2032 EHF European Men's Handball Championship

Tournament details
- Host countries: France Germany
- Venues: 6 (in 6 host cities)
- Dates: 15 January–1 February
- Teams: 24 (from 1 confederation)

= 2032 European Men's Handball Championship =

The 2032 EHF European Men's Handball Championship, commonly referred to as the EHF EURO 2032, will be the 20th edition of the EHF European Men's Handball Championship, the biennial international men's handball championship of Europe organized by EHF. The tournament will be held in France and Germany from 15 January to 1 February 2032.

==Bid process==

===Bidding timeline===
The bidding timeline was as follows:
| 2 August 2023 | Invitation to National Federations to provide a letter of intent to the EHF for hosting the EHF EUROs 2030 & 2032 |
| 1 November 2023 | Deadline for submitting the letter of intent and request for the bidding documents by the interested federations |
| November 2023 | Dispatch of the manual for staging the EHF EUROs 2030 & 2032 together with the relevant specifications and forms by the EHF |
| 1 June 2024 | Applications available at the EHF Office and deadline to submit a formal bid |
| 21 June 2024 | Approval of applications by EHF EXEC |
| July and September 2024 | Site inspections |
| End of September | Confirmation of bids for the EHF EUROs 2030 & 2032 |
| December 2024 | Allocation at the EO EHF Congress 2024 |

===Bids===
On 3 November 2023, it was announced that the following nations sent in an official expression of interest:
- AUT
- CRO
- EST
- FRA
- GER
- SLO
- SUI
- TUR
- ESP

On 11 June 2024, the official bids were announced.
- CRO (withdrew)
- FRA/GER (formerly with SUI)
- TUR (rejected)

On 20 September 2024, the Croatian and joint French–German bids were approved, while Turkey's bid failed to meet requirements and was eliminated by the EHF. However shortly before the host announcement, Croatia withdrew.

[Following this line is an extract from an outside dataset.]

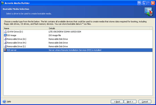 The last page before copying backup contents to your media of choice allows, well, the user to pick which device you would like to move it to. These devices include floppy disks (???), CDs, and USB mass storage devices. Most importantly though, is the inclusion of the RIS (Remote Installation Services), which allows users to upload the boot data files to any remote server with RIS installed.
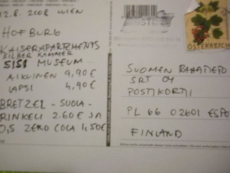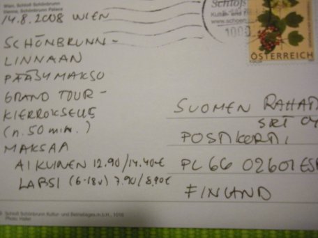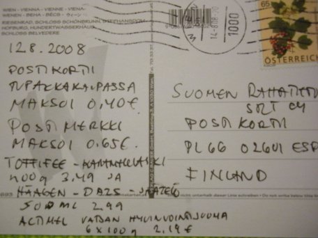 Postikortti tupakkakaupasta maksoi 0,40 €. Postimerkki maksoi 0,65 €. Kaupasta Toffifee - karamelliaski 400 g maksoi 3,49 €, Häagen - Dazs - jäätelö 500 ml 2,99 € ja vatsavaivoja ehkäisevä Actimel 6 x 100 g 2,19 €. (12.8.2008)

France and Germany won unopposed on 14 December.

====Voting results====

Country
Votes
| France & Germany | 39 |
| Against the bid | 0 |
| Total | 39 |

==Qualified teams==

| Country | Qualified as | Qualified on | Previous appearances in tournament |
| France | Co-host | 14 December 2024 | 17 (1994, 1996, 1998, 2000, 2002, 2004, 2006, 2008, 2010, 2012, 2014, 2016, 2018, 2020, 2022, 2024, 2026) |
| Germany | 15 (1994, 1996, 1998, 2000, 2002, 2004, 2006, 2008, 2010, 2012, 2016, 2018, 2020, 2022, 2024) |

Note: Bold indicates champion for that year. Italic indicates host for that year.

==Venues==
Six venues will host the tournament, four in Germany and two in France. Both countries will host a main round group and the final weekend will be in Germany.